* [ASSIGNMENT]
Would you retype exactly the lines from the one holding "1530 Azn HİCRƏT" through the last line of the listing, and only those, without pictures?

* [DATASET SECTION]
________________________

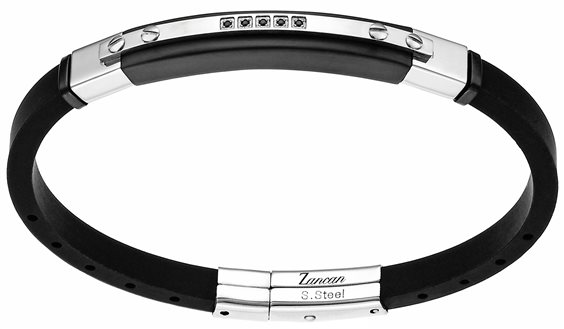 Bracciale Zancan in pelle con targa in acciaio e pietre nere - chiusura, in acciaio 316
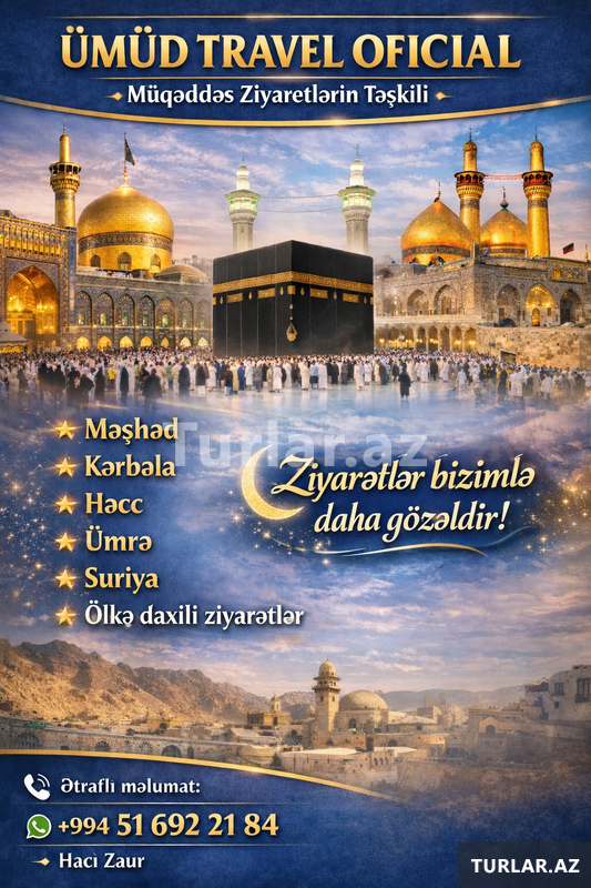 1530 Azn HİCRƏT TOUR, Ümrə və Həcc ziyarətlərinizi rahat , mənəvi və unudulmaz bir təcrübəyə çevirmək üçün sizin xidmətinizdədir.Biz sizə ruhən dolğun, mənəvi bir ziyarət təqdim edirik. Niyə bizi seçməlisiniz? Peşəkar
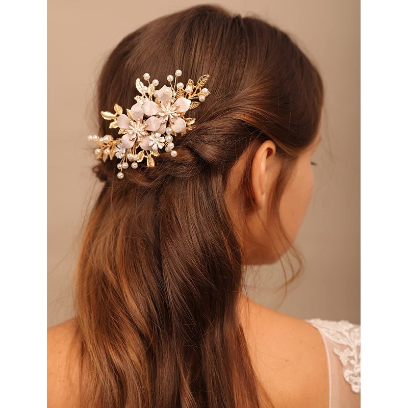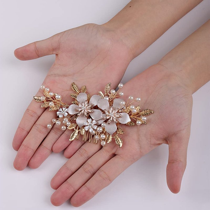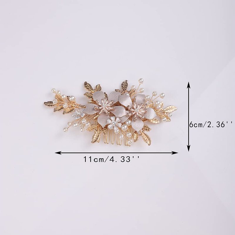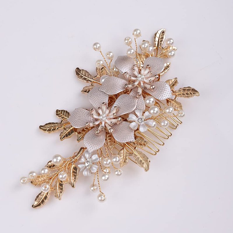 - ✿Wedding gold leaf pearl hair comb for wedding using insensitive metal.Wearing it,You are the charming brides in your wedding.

________________________

* [EXERCISE SOLUTION]
 1530 Azn HİCRƏT TOUR, Ümrə və Həcc ziyarətlərinizi rahat , mənəvi və unudulmaz bir təcrübəyə çevirmək üçün sizin xidmətinizdədir.Biz sizə ruhən dolğun, mənəvi bir ziyarət təqdim edirik. Niyə bizi seçməlisiniz? Peşəkar
 - ✿Wedding gold leaf pearl hair comb for wedding using insensitive metal.Wearing it,You are the charming brides in your wedding.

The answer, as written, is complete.